### WHAT IS REQUIRED
Below are entries with pictures among them; reproduce exactly, and only, the lines from the one containing "5年生体育「ティボール」の様" down to the one containing "Scuba diver holding", without the pictures.

### DATA TO PROCESS
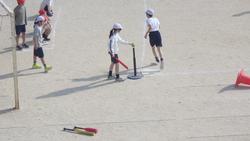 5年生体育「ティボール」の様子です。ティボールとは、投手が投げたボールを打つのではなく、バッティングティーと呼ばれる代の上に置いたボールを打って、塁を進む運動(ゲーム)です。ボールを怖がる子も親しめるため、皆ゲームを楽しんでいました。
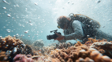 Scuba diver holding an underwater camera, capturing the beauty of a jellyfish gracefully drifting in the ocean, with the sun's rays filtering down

* * *

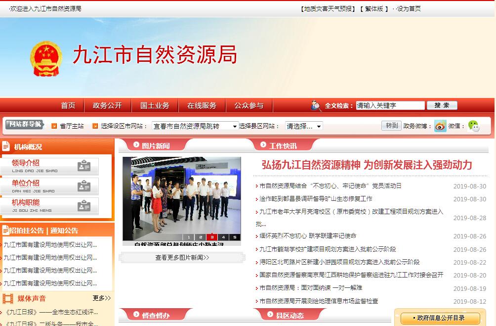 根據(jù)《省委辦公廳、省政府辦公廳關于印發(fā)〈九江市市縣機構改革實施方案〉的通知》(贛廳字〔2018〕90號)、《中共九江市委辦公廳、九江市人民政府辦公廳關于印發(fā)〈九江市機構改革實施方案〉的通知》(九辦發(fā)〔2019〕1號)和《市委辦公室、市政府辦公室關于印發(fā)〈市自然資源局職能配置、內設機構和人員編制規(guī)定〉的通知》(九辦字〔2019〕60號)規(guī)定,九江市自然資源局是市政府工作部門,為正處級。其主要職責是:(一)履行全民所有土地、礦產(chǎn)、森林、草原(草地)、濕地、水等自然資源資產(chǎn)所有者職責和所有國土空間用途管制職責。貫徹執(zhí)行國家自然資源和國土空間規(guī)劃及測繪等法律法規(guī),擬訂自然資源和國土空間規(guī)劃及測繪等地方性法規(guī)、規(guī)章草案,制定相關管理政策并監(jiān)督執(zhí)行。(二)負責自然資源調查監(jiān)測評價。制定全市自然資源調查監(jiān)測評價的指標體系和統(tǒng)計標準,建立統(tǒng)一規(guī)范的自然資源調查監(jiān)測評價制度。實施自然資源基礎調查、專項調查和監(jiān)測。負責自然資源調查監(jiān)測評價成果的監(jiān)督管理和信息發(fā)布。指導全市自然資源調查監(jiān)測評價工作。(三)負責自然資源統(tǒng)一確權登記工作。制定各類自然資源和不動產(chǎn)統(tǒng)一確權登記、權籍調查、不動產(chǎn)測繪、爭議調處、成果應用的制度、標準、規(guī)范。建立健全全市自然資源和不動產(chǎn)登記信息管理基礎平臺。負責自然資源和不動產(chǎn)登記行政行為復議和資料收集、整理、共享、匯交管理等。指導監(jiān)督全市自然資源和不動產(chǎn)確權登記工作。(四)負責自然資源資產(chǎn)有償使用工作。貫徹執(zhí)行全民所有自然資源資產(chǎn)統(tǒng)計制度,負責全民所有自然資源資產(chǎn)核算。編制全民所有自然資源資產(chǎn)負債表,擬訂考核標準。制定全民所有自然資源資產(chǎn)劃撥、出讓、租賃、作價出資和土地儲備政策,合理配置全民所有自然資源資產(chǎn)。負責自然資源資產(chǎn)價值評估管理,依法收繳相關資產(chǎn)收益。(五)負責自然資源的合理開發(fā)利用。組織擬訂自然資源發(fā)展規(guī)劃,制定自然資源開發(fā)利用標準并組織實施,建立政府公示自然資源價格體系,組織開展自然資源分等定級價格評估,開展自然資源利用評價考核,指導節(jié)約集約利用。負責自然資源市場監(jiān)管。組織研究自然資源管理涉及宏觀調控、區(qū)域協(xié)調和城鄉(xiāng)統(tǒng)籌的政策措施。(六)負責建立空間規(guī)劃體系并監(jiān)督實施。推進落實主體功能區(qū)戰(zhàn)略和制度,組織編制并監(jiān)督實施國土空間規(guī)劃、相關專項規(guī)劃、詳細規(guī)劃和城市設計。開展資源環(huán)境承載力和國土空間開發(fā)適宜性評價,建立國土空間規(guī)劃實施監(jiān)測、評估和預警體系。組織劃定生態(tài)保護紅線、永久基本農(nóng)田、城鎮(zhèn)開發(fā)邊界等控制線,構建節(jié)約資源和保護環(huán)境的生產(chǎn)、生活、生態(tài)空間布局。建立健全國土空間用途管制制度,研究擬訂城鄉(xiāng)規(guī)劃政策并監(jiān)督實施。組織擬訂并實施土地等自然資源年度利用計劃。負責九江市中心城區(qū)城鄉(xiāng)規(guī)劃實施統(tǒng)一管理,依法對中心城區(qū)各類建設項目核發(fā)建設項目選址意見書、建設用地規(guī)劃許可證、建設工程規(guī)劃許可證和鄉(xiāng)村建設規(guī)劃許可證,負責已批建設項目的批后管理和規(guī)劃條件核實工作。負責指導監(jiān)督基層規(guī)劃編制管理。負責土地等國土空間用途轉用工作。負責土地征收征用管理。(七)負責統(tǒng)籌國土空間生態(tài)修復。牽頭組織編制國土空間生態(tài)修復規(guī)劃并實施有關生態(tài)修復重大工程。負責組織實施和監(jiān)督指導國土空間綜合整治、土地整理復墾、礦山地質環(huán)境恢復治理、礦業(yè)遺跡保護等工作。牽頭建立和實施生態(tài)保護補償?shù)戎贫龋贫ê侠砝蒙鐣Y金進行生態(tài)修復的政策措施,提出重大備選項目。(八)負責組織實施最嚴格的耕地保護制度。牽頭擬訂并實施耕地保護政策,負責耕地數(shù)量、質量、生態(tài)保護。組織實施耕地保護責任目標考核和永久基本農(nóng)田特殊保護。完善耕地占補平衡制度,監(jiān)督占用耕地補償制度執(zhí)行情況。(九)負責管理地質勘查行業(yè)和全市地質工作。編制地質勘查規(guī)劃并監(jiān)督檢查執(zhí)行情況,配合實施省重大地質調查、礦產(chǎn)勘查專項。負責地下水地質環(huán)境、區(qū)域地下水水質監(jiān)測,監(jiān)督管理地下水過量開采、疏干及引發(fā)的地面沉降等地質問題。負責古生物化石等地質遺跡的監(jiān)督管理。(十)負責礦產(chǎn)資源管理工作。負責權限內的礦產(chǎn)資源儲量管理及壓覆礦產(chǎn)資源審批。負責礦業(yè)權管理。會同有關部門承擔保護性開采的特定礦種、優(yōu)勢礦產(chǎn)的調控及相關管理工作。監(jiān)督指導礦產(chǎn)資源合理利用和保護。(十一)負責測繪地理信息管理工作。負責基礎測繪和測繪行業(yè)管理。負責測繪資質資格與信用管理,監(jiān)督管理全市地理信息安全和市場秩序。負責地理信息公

### SOLVED PROBLEM
 5年生体育「ティボール」の様子です。ティボールとは、投手が投げたボールを打つのではなく、バッティングティーと呼ばれる代の上に置いたボールを打って、塁を進む運動(ゲーム)です。ボールを怖がる子も親しめるため、皆ゲームを楽しんでいました。
 Scuba diver holding an underwater camera, capturing the beauty of a jellyfish gracefully drifting in the ocean, with the sun's rays filtering down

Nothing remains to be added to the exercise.